A structured set of objections, weighed in public.

Desk editor's note, referee report, simulated authors' rebuttal, and a circularity audit. Tearing a paper down is the easy half of reading it; the pith above is the substance, this is the friction.

Desk Editor's Note private letter to a colleague

Global sentinel gating at admission catches hubs early with low overhead but the lack of detail on how sentinels are chosen leaves the generalization claim shaky.

read the letter

The paper's main contribution is moving hubness control to admission time: each new document is scored against a fixed set of sentinel queries and quarantined if it looks too central in embedding space. This avoids the exposure window and repeated full-corpus work of periodic reverse-kNN scans. They test across two 100k-document sets, five encoders, and separate attacker/defender queries, reporting recall 1.0 at the key embedding threshold, 0.91 on HotFlip attacks, and 1% false positives on ordinary documents. A per-topic variant adds nothing, which they attribute to anisotropy linking local and global structure. Insertion cost stays low on HNSW and decisions hold up under approximation.

The empirical framing is straightforward and the latency numbers are the kind of detail that matters for production use. Reporting results on multiple encoders and corpora gives at least a basic check on robustness.

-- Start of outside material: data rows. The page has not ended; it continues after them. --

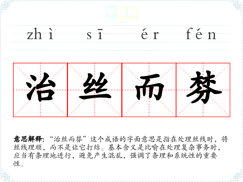 “治丝而棼”这个成语的字面意思是指在处理丝线时,将丝线理顺,而不是让它打结。基本含义是比喻在处理复杂事务时,应当有条理地进行,避免产生混乱,强调了条理和系统性的重要性。
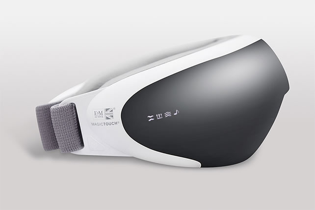 スマートなアイマスクで、こめかみや目の周りを優しく刺激し、心地よいサウンドで緊張をほぐし、心身共にリフレッシュしましょう
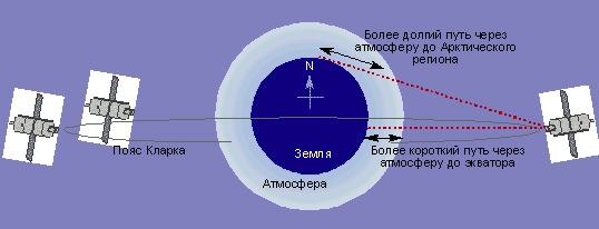 | Чем ближе к Северному или Южному полюсу находится пользователь, тем больший слой атмосферы вынужден преодолевать луч от геостационарного спутника. Это ослабляет сигнал, поэтому пользователю необходима параболическая антенна большего диаметра. |
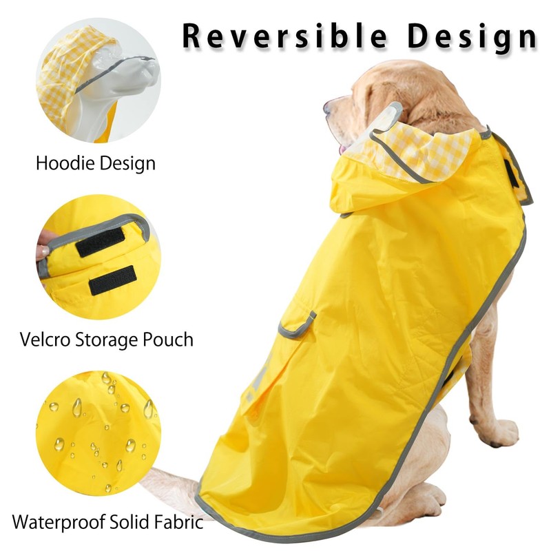 - REVERSIBLE DESIGN: The reversible stylish slicker poncho can easily transform from solid color raincoat to plaid fabric jacket. Outer layer with strong waterproof ability material, inner with ultra breathable soft plaid fabric. Flip over dog rain gear and get a new look.

The soft spot is the sentinel queries. The abstract and available description give no account of how they were chosen or whether that choice was made without reference to the evaluation query distribution. If the sentinels were tuned even indirectly to the test attacks or corpora, the claim that the gate works for unknown query loads and attacker strategies rests on weaker ground. The anisotropy explanation for skipping per-topic gates inherits the same uncertainty. No statistical tests or threshold-selection procedure are mentioned, so it is hard to judge how stable the 0.91 and 1% figures really are.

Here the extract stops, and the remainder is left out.